The importance of the entrepreneurial process to the health and well being of the U.S. economy cannot be overstated. During the period from 1988 until 1990 small business with nineteen employees or less created approximately four million new jobs, while larger firmssuffered a net loss of over one million jobs (Medoff, 1993), suggesting that much of our nation's net job creation is in the new venture / small business sector.
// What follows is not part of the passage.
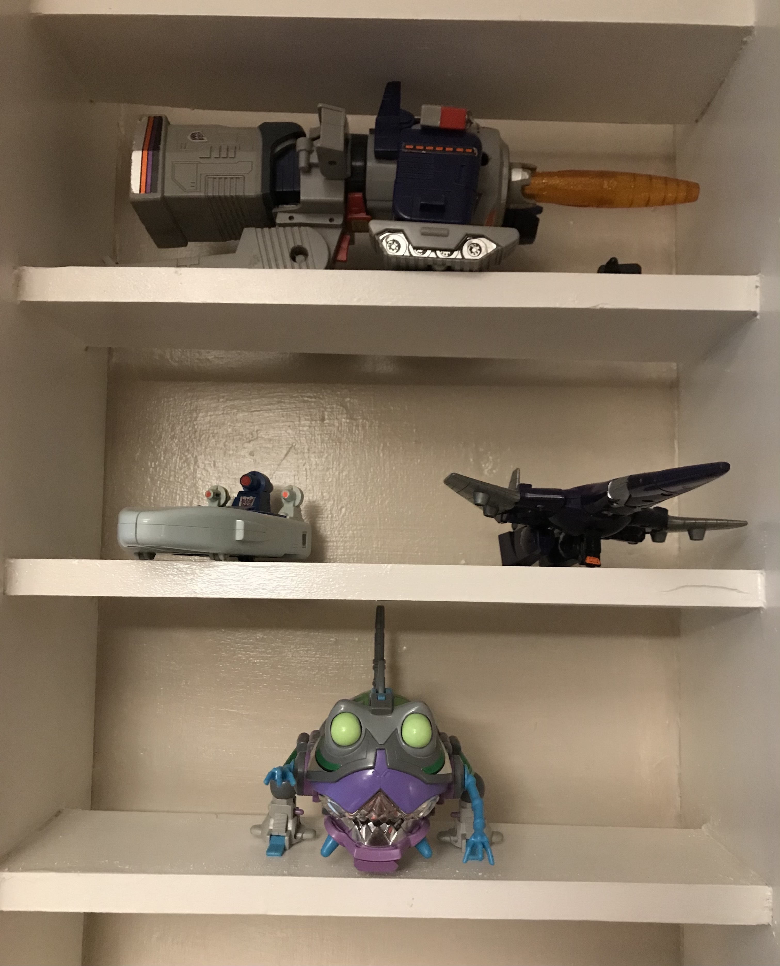 Earthrise Starscream is guarding the laptop on my bedtable. I always let figures be there for a while while SIEGE Optimus Prime is guarding my Playstation games in my shelf.

U.S. Department of Commerce (1978; 1984) County Business Patterns data indicates that from 1978 until 1984 employment in the small business sector, defined as firms with less than 500 employees, grew at a annual rate of 2.14 percent, while employment in firms with over 500 employees grew at an annual rate of only 0.55 percent. The U.S. Small Business Administration (1988) Small Business Data base supports the proposition that the most significant potential for growth in employment is in the small business sector, with employment in the small business sector growing at approximately a 67.2 percent greater rate on an annual basis than employment growth in firms with more than 500 employees during the period from 1978 until 1984. The implications derived from the data clearly suggest that most of the net new job creation and growth in work opportunities have occurred in the small business sector.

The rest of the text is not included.